C’est un des sophismes parmi les plus utilisés chez les protecteurs. 

Trois exemples ci-dessous :

• Sur le site de L’enfant Bleu, association luttant contre l’enfance maltraitée, le conseil donné est le suivant : « Mieux vaut signaler les soupçons que vous pouvez avoir sur la sécurité physique et morale d’un enfant, au risque de vous tromper, plutôt que de laisser un enfant dans l’enfer de la maltraitance et ainsi risquer sa vie. » https://enfantbleu.org/je-suis-temoin-de-maltraitances-sur-un-enfant/

Ici, l’alternative est celle du signalement contre le rien du tout, avec une belle accentuation de la culpabilisation : d’un côté, vous qui avez peur de vous tromper, en face « un enfant dans l’enfer de la maltraitance » au risque de sa vie.

• Après l’attentat à la Préfecture de Paris, sur le sujet de détection des personnes potentiellement radicalisées violentes, un expert de la sécurité publique, sur une radio : « Mieux vaut soupçonner et signaler les personnes dès qu’il y a des signaux faibles plutôt que se retrouver avec un terroriste qui fait des victimes » .
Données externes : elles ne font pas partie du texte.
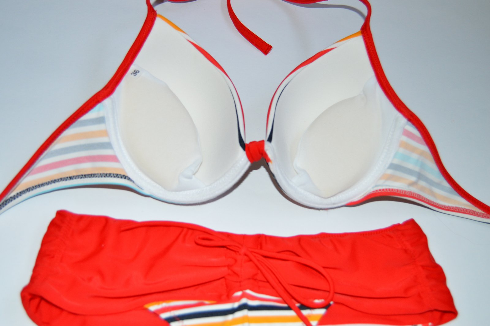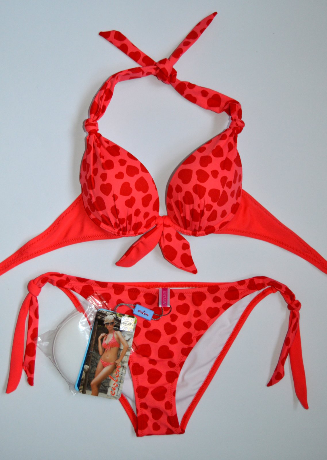 Podprsenka s pevnými košíčkami , v zadu na zapínanie s odopínateľnými ramienkami. Ramienka sa dajú odopínať respektíve prepnúť okolo krku. Podprsenka je vystužená s vyberateľnými vypchávkami tvarujucími poprsie. Odnímateľné výstužné výplne košíčkov.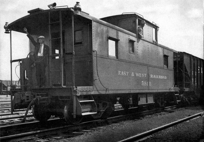 food at meal time. The caboose is equipped with a table, a drinking-water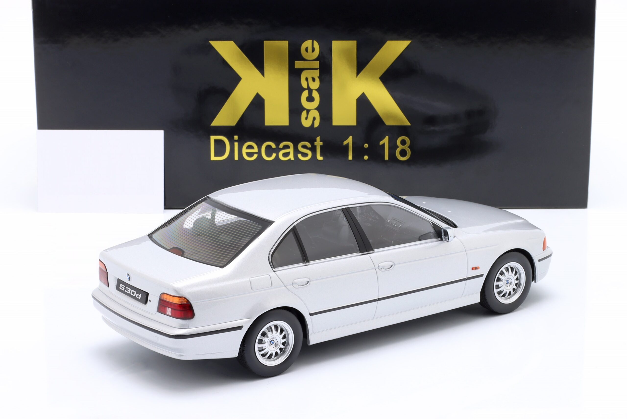 Kolekcjonerski model metalowy z elementami plastikowymi samochodu BMW 530D (E39) Sedan z roku 1995 w kolorze Srebrnym.Model nie posiada otwieranych elementów.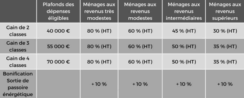 - ils doivent permettre de gagner au moins 2 classes énergétiques au logement (en passant par exemple de E à C) ;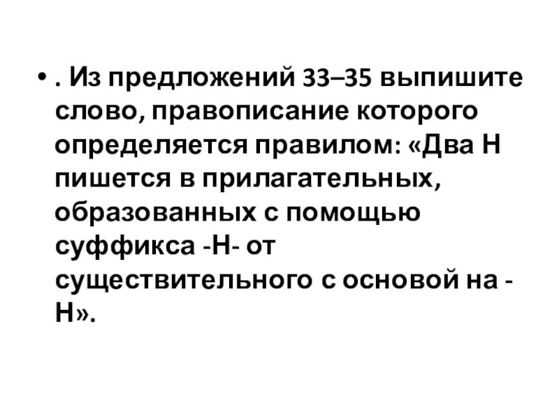 Слайд 13. Из предложений 33–35 выпишите слово, правописание которого определяется правилом: «Два
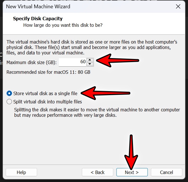 Store virtual disk as a single file을 체크하고 Next를 클릭합니다.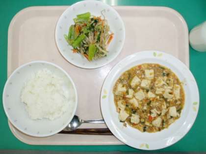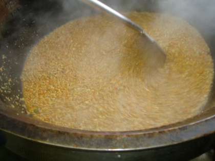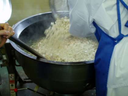 麻婆豆腐のあんができました。豚ひき肉とねぎだけではなく、大豆・にんじん・しいたけなどがみじん切りにされて入っています。隣の釜でゆでた豆腐をあんに混ぜて、麻婆豆腐の完成です。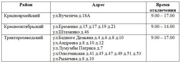 Время отключения и точные адреса, где в этот день не будет света, представлены в таблице ниже: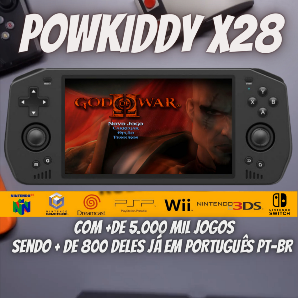 Powkiddy X28 Black Video Game Android 11 3ds NDS PSP G Cube Ps2 SNES Atualizado C/ Jogos - Novo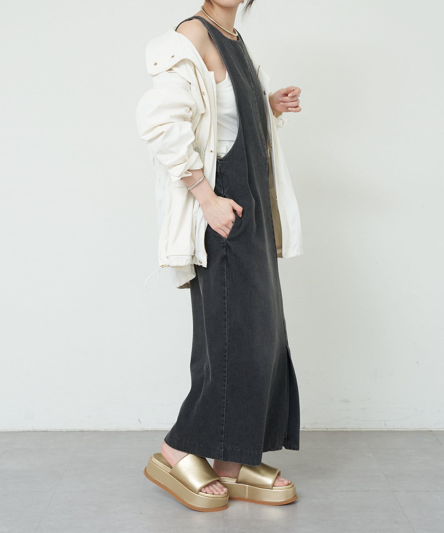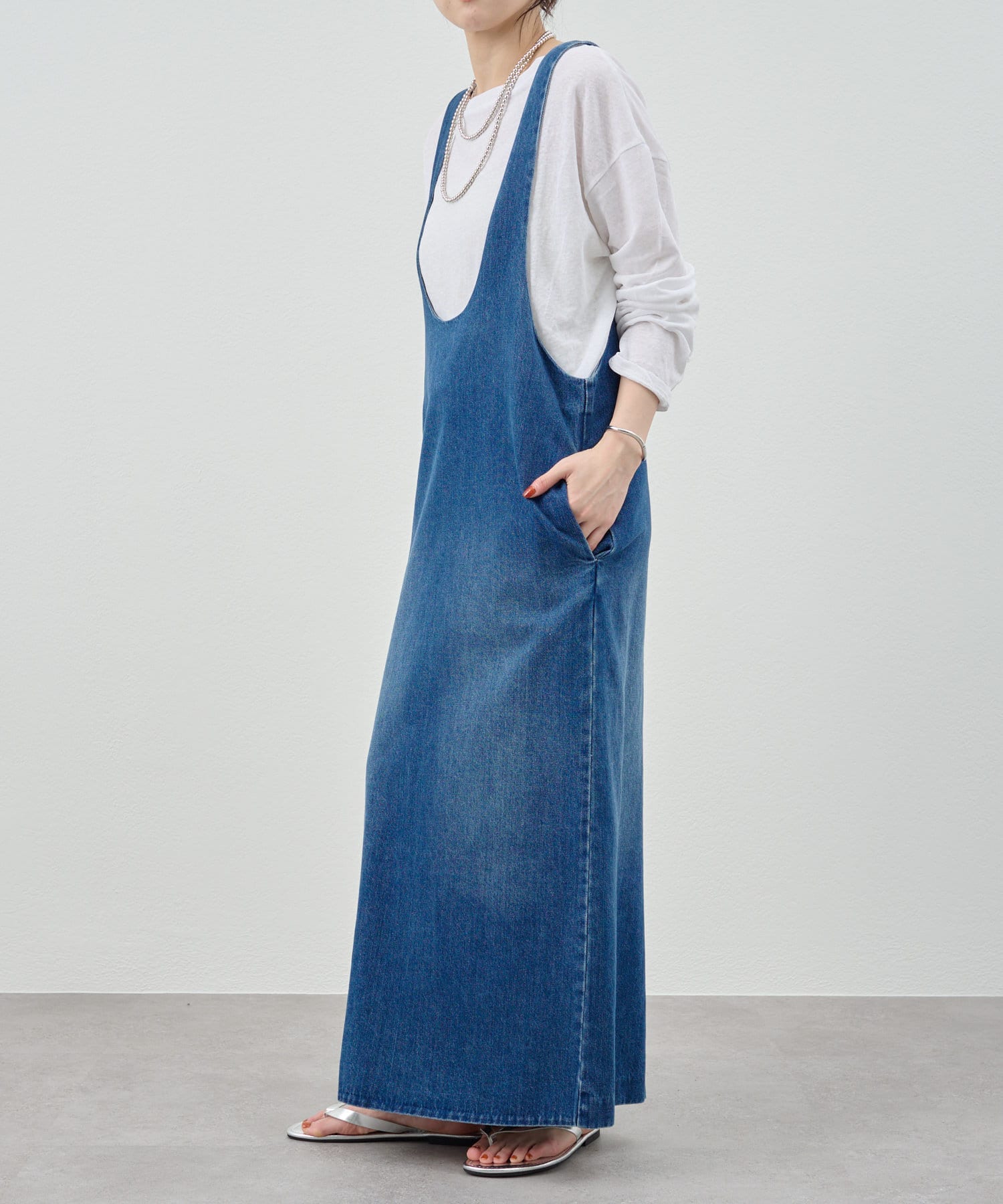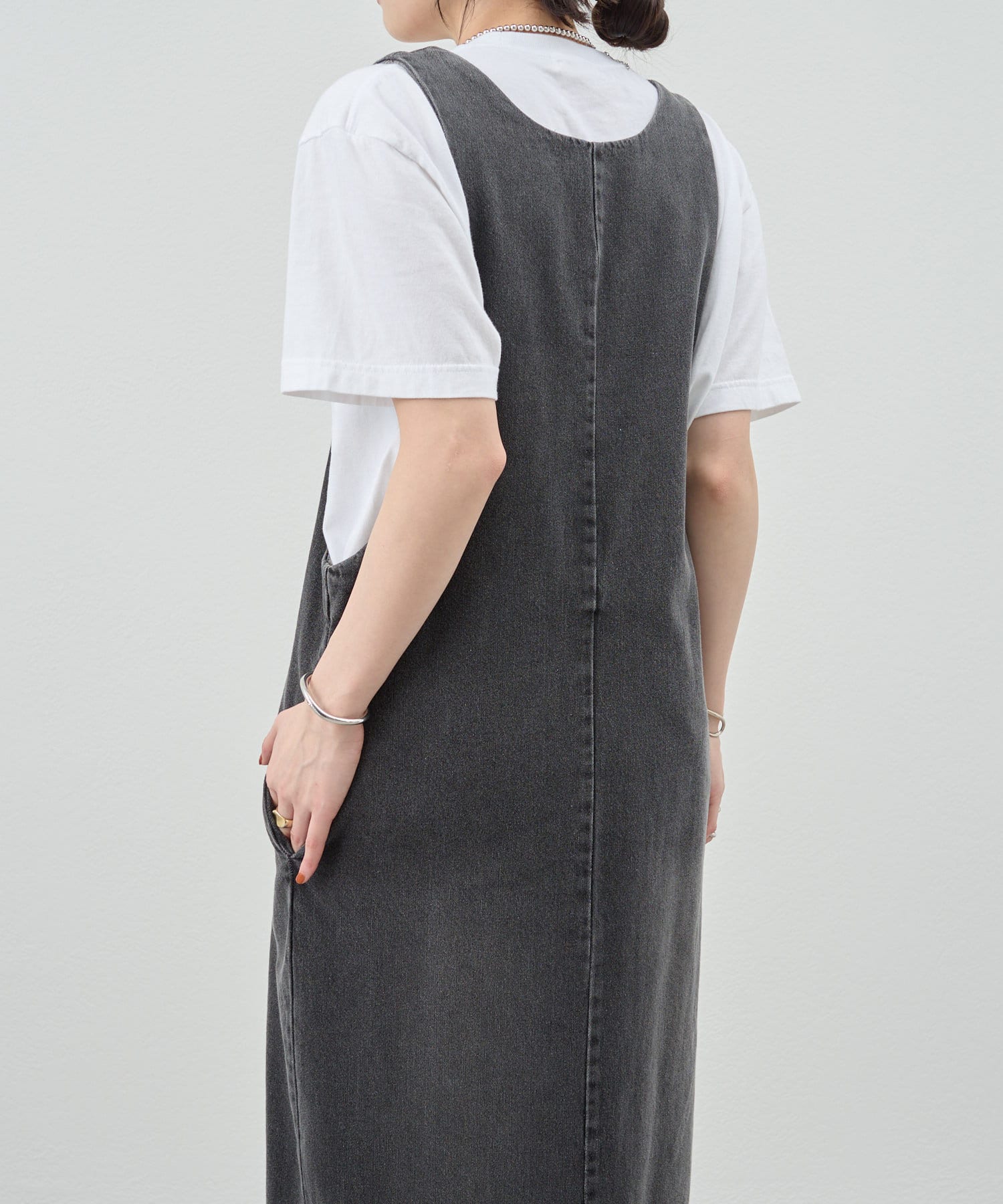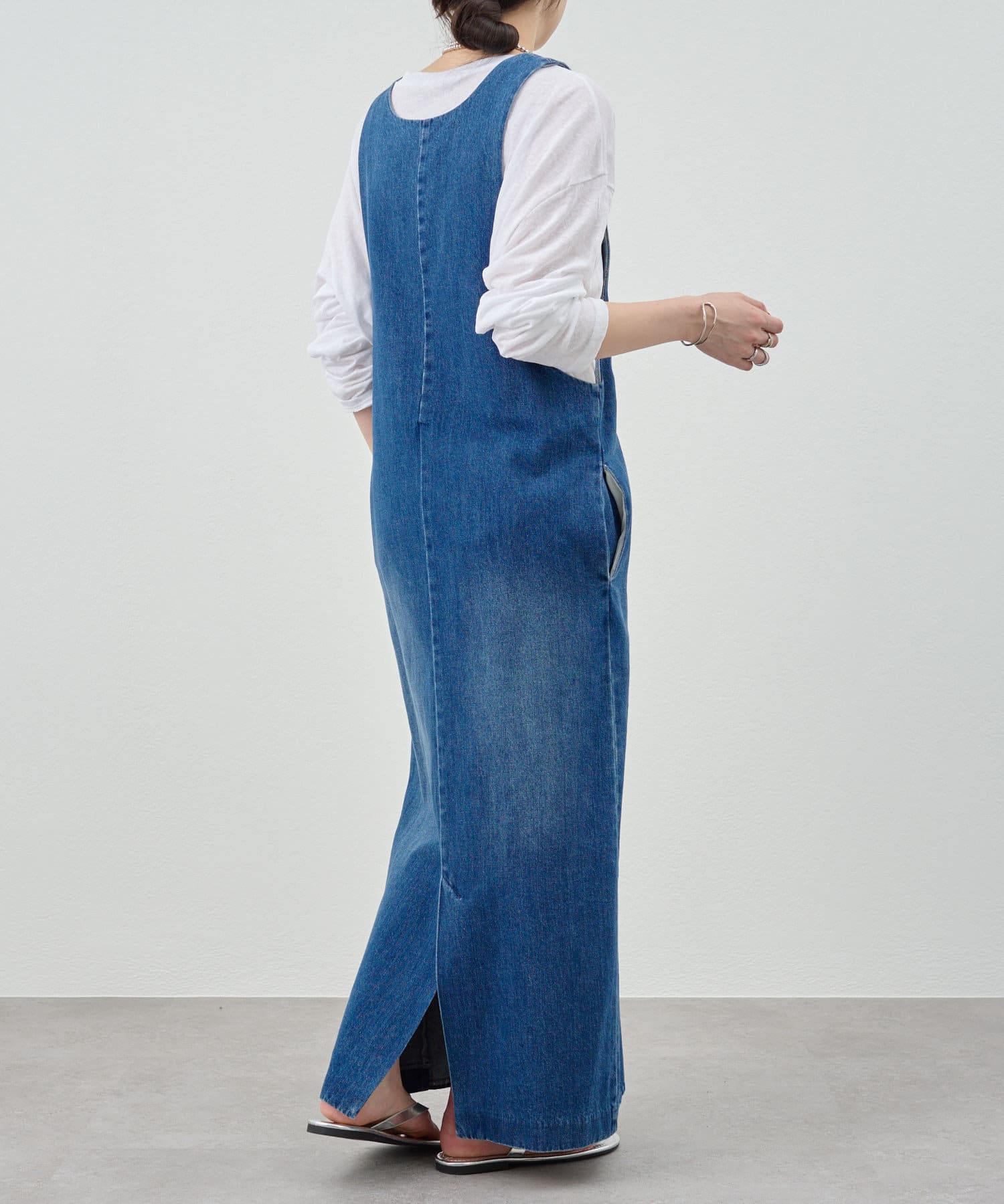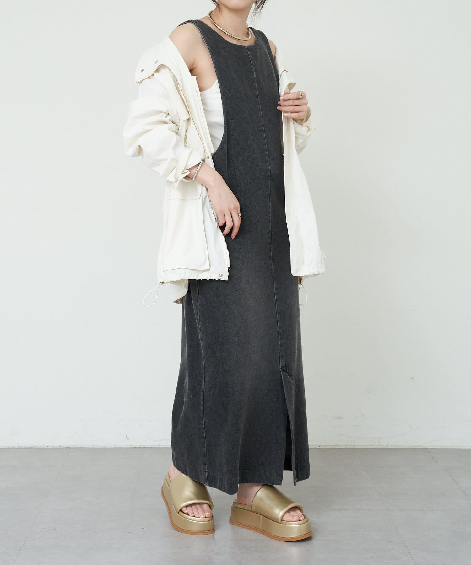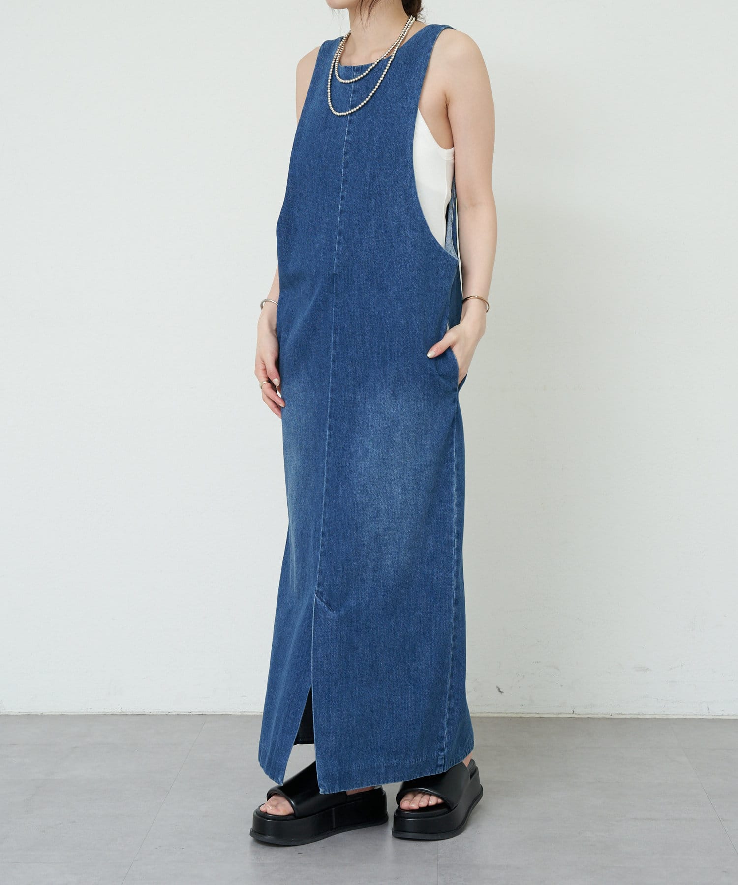 中に合わせるインナーによってさまざまなスタイリングができる万能ワンピース。

Ici, le soupçon au moindre signal faible est opposé à l’attaque terroriste réalisée.

• Lors d’un groupe de travail sur les violences conjugales, une magistrate explique comment avec l’aval de certains procureurs, des médecins passent outre la loi en matière de secret professionnel pour signaler des situations de femmes victimes de violence conjugale mais sans l’accord de celles-ci (condition imposée par la loi). Lorsque j’objecte que c’est ramener ces femmes à l’état de mineures, la magistrate réplique en disant : « qu’est-ce qu’on fait alors, on les laisse se faire tuer ?»

Là, le faux dilemme repose sur, d’un côté un signalement en dehors des possibilités légales et au-delà de la déontologie, et de l’autre l’image de femmes que l’on abandonne à leur bourreau qui va les tuer. 

Dans ces trois cas, si vous acceptez l’alternative proposée dans l’énoncé des protecteurs, vous n’avez plus le choix de la décision : elle est évidente. Signaler car il semble que cela soit la seule solution. En effet, le choix de la première (signaler) semble éliminer de facto la possibilité de la seconde (mort, maltraitance, assassinat). Comment ne pas la saisir comme une chance de ne pas porter sur vos épaules la responsabilité du drame annoncé ? On oublie d’ailleurs que les deux solutions proposées peuvent être aussi mauvaises l’une comme l’autre…

En fait, si la réponse apparaît comme une solution, ce n’est pas parce que c’est la solution la plus adaptée au problème. C’est surtout parce qu’elle est une issue, la seule issue au piège qui vous est tendu dans l’énoncé.

Sortir du piège du faux-dilemme. Comment se sortir de cette illusion qui, en les réduisant à deux, simplifie à outrance les possibilités de comportement ? En repérant le faux dilemme d’abord. Puis en cherchant si des alternatives fécondes existent. Et, surprise, c’est parfois voire souvent le cas !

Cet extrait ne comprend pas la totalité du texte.